There is a common saying among those familiar with statute making, that the more one knows about how statutes are made, the less he thinks of them;-it should be the less he thinks of the statute makers. There is no more delicate function of government than making statute law, and it is fair to say none is so carelessly performed or performed by persons so illy prepared for the work. Many expedients have been resorted to to secure greater accuracy and harmony in the enactments of the legislature, such as Boards of Revision, etc., but with little beneficial effect. It was thought a great corrective was found in the constitutional clause "no law shall be revived or amended by reference to its title only, but the law revived or section amended shall be inserted at length in the new act;" and it must be admitted that it has brought about a considerable reform in the making of a numerous class of amendments, but it leaves a more troublesome class unrestricted-amendments by implication. It is no doubt a wise construction of this clause which confines its operation to such acts as assume in terms to alter or amend a given section; for, as is said by our Supreme Court in The People v. Wright, 70 Ill., 388, "It cannot be held that this clause of the Constitution embraces every enactment which in any degree, however remotely it may be, effects the prior law on a given subject, for to so hold would be to bring about an evil far greater than the one sought to be obviated by the clause."

There are, however, some examples in the enactments of our legislature that go far to show that this construction opens

a wide door to evasion of the true spirit of the clause. It nearly breaks down its restraining force and throws us back upon a very slender reliance-the conscience and care of the legislator. A single instance (and I might cite many) will suffice to illustrate this point. The act of March 26, 1872, with reference to changing the name, place of business, increasing or decreasing the number of directors of corporations, etc., allows these changes to be made on a vote of two thirds of all the stock of the corporation at a meeting called by the directors. Some difficulty sprang up in a corporation that happened to have an even number of directors, upon which the directors were evenly divided. One of the parties controlled a majority of the stock but not two thirds. This party conceived the idea that if they could add one or more to the number of directors, they might elect the new members and thus secure control of the board, but as the statute stood they could not come within its terms; so it was desirable that the statute should be amended. The desired amendment could have been made by the insertion of the words "or a majority of the stockholders" in one section, and the change of the word "two thirds" to "majority" in two other sections. The straightforward way and the one the constitution makers no doubt intended and public policy demanded, was to have proceeded directly to the amendment of those sections in this way, that is, by a bill professedly for that purpose and in which the sections amended would have been "inserted at length in the new act." This course would have drawn upon the bill for that purpose the attention of the public that is supposed to be interested in every change proposed to be made in a general law, as well as that of the particular individuals whose rights were intended to be affected. The course taken was to get an independent act passed; one that although its only purpose was to effect these changes in the existing law, made no reference to it whatever either in its title or in its text.
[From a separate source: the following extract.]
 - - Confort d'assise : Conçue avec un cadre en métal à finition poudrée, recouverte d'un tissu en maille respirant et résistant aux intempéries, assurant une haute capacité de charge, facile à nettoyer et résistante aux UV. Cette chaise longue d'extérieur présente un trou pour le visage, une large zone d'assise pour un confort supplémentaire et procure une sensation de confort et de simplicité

The respect for the spirit of the Constitution ought to be so high among legislators that the passage of an act not within its teachings would be an impossibility. Such acts as the one referred to overload and confuse the statutes, and tend

to the evils of special and personal legislation.

To show the carelessness, not to say recklessness, of our legislators, I will give a few instances which come to my mind.
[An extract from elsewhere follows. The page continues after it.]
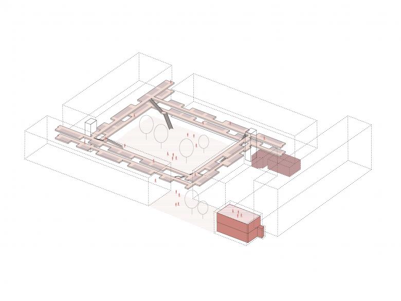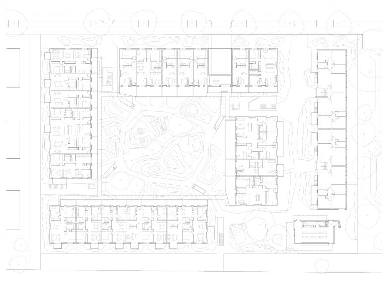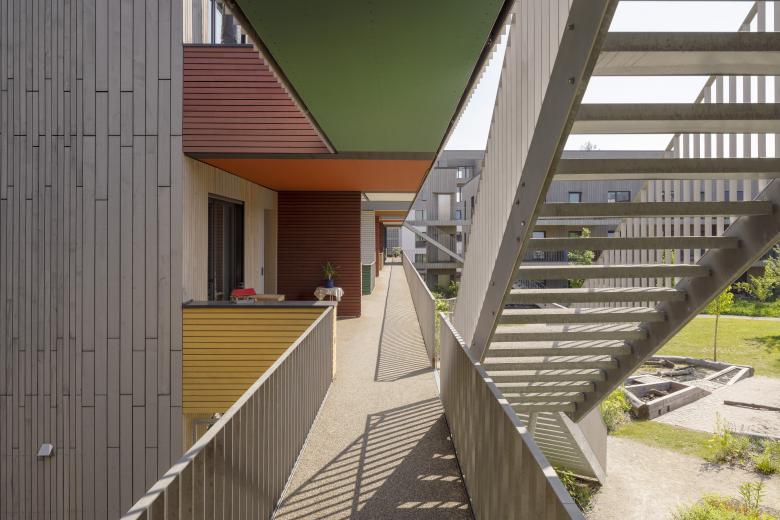 The design embodies the principles of target group diversity and social integration. Four new buildings with a range of residential typologies are grouped around a shared courtyard; from cluster housing to typical family living to small individual apartments. They are connected via column-free walkways suspended and set slightly apart from the façade, which provide wide terraces for the residents to inhabit and experience spontaneous everyday encounters. The colour scheme of the soffits and bulkheads further accentuates these special outdoor ‘rooms’.

The Constitution of 1870, provides that after the November election in 1873, the county business in counties not under township organization, shall be done by a board of three commissioners. Until that time the county court was to continue to do this business. The road law applicable to those counties being revised before that time, it retained the "county court" in the body of the act as the agency for doing county business, but the revised act provided that after the election of commissioners in November, 1873, the duties therein required to be discharged by county courts, should devolve upon the board of county commissioners. The revision being published in 1884 after the election of the commissioners, the revisor put the words "county court" in italics and inserted after them in brackets the words "county board," indicating, as explained in a foot note, that "county court" was to be omitted and "county board" read instead. So also whenever the words "clerk of the county court" occurred, they were put in italics and "county clerk" inserted in brackets. In 1875, the legislature amended several of the sections in which this had been done, and instead of dropping the words "county court" and "clerk of the county court" and retaining the words "county board" and "county clerk," both sets of words were retained and of course enacted into law.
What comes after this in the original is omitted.